信頼の足音と疑念の囁き
市場の一角で、リヤが病を治した感謝を受ける様子を見守る影があった。虎のように鋭い目としなやかな体躯を持つ獣人族の青年、ガルドだった。隣には華やかなドレスに身を包んだ人間族の若い女性が寄り添っている。彼女の名はセリーナ。ガルドの婚約者であり、人間族の貴族の娘だ。
「王女様、本当にありがとうございました!」
病から回復した男がリヤに深く頭を下げ、息子の手を引きながら去っていく。その後ろ姿を見送るリヤのうさぎの耳が微かに動く。
「感謝されているようでよかったじゃないか」
ガルドが淡々と呟く。彼の声には感情の起伏が少ない。
「ガルド、冷たいこと言わないで」
セリーナがやんわりと彼をたしなめる。
「リヤ王女はこんなに頑張っているのよ。素直に尊敬しなきゃ」
「俺はただ……」
ガルドは言葉を途切らせると、目を細めた。
リヤがその視線に気づき、微笑んで軽く頭を下げる。「ガルド、セリーナ。来てくれてありがとう」
「別に、俺たちが呼ばれたわけじゃない」
ガルドは肩をすくめたが、セリーナがすかさず言葉を補った。
「いいえ、私たちも王女様のお力になりたくて」
リヤはその言葉に微笑み返したが、その奥にガルドの態度への一抹の違和感があった。
ルマンはその様子を遠目に見ながら、リヤに近づいた。
「ガルドとセリーナがここにいるのは偶然か?」
「ええ、たまたま近くにいたのかもしれないわ」
リヤは表情を崩さずに答えたが、その視線はガルドたちの背中を追っていた。
「ガルドは獣人族の中でも実力者だ。だが……」
ルマンは言葉を濁した。リヤが彼を見上げると、その目に不安の色が浮かんでいることに気づいた。
「どうしたの?」
「いや、大したことじゃない。ただ、注意は怠るな」
ルマンの忠告に、リヤの耳が小さく動いた。彼女の胸に何かざわめくものが広がる。
市場を歩く中、セリーナはガルドの腕を掴んで微笑んだ。
「ガルド、あなたも王女様をもう少し信用してみたら?」
「セリーナ、俺は誰も信用しないだけだ」
ガルドの声は冷静だったが、その目には何か隠しているような影があった。
セリーナはその様子に気づかないふりをして、優しく微笑んだ。
「でも、あなたはいつも私を守ってくれるわ。それだけで十分」
ガルドの眉が僅かに動いたが、言葉は返さなかった。そのまま二人は市場の人混みに消えていった。

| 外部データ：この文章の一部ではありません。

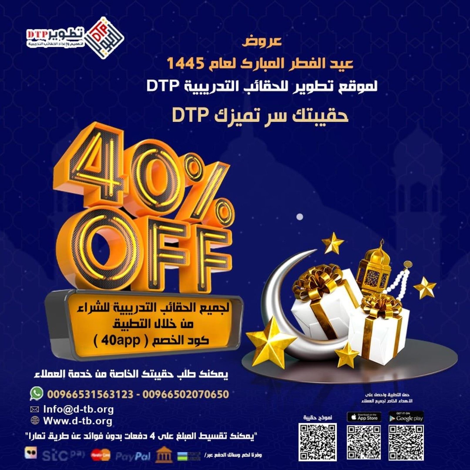 🌟 *عروض عيد الفطر المبارك لعام 1445* 🎉 *لموقع تطوير الحقائب التدريبية DTB* 🎁 *خصم 40% لجميع الحقائب التدريبية للشراء من خلال التطبيق* كود الخصم ( 40app ) 📍 *انتقِ حقيبتك* ♻️ *+ 3000 حقيبة* 📔 ↩️ *11قسم* 📂 🔄 *100 تخصص تدريبي* *لتحميل التطبيق للاندرويد*👇 https://play.google.com/store/apps/details?id=com.dtborg.app&pli=1 *لتحميل التطبيق للآبل* 👇 https://apps.apple.com/us/app/%D8%AA%D8%B7%D9%88%D9%8A%D8%B1-dtp/id6470309424 *إنضم لقناة التليجرام لمتابعة أقوى العروض* https://t.me/+yb4Sb7VyK6AwZmVk *لمزيد من الاستفسار واتساب انقر على الرابط لينتقل مباشرة :* 👇🏻 https://api.whatsapp.com/send?phone=966502070650 https://api.whatsapp.com/send?phone=966531563123 00966502070650📲 00966531563123📲 📧 Info@d-tb.org 🌐 Www.d-tb.org 📍 *تواصل معنا ونحن في خدمتكم* *بثقتكم نتبادل النجاح💫*

リヤは市場での喧騒を抜け出し、ルマンと共に近くの屋敷へ向かっていた。市場での出来事が胸にわだかまりとして残る。リヤの耳が微かに震え、彼女の心の内を物語っていた。
「ガルドとセリーナのこと、気にしているのか?」
ルマンが隣で静かに声をかける。彼の赤い瞳がリヤを見つめていた。
「……少しね」
リヤは小さく頷きながら言った。
「ガルドは頼りになる人だけど、何かを隠しているように思えるわ。でも、それが私の被害妄想かもしれないし……」
ルマンはしばらく黙って歩き、やがて言葉を紡いだ。
「慎重であることは悪いことじゃない。誰を信用すべきか、君自身で判断すればいい」
「ありがとう、ルマン」
リヤは彼に感謝の微笑みを向けると、屋敷の門をくぐった。
その夜、リヤは自室の窓辺に腰掛けていた。月明かりが室内を柔らかく照らし、森の静けさが耳に心地よく響いている。しかし、彼女の心は落ち着いていなかった。
「母さま……私は間違っていないわよね?」
リヤは窓に映る自分の姿に問いかけた。翡翠の瞳が月明かりを受けて輝き、彼女の金髪が柔らかく光を反射している。
その時、扉をノックする音が聞こえた。
「どうぞ」
入ってきたのはルマンだった。彼は彼女に向かい歩み寄ると、手に持っていた書簡を差し出した。
「新しい報告だ。フレリックが動き出したらしい」
リヤの表情が緊張で引き締まる。
「どういうこと?」
ルマンは一枚の手紙を取り出し、静かに読み上げた。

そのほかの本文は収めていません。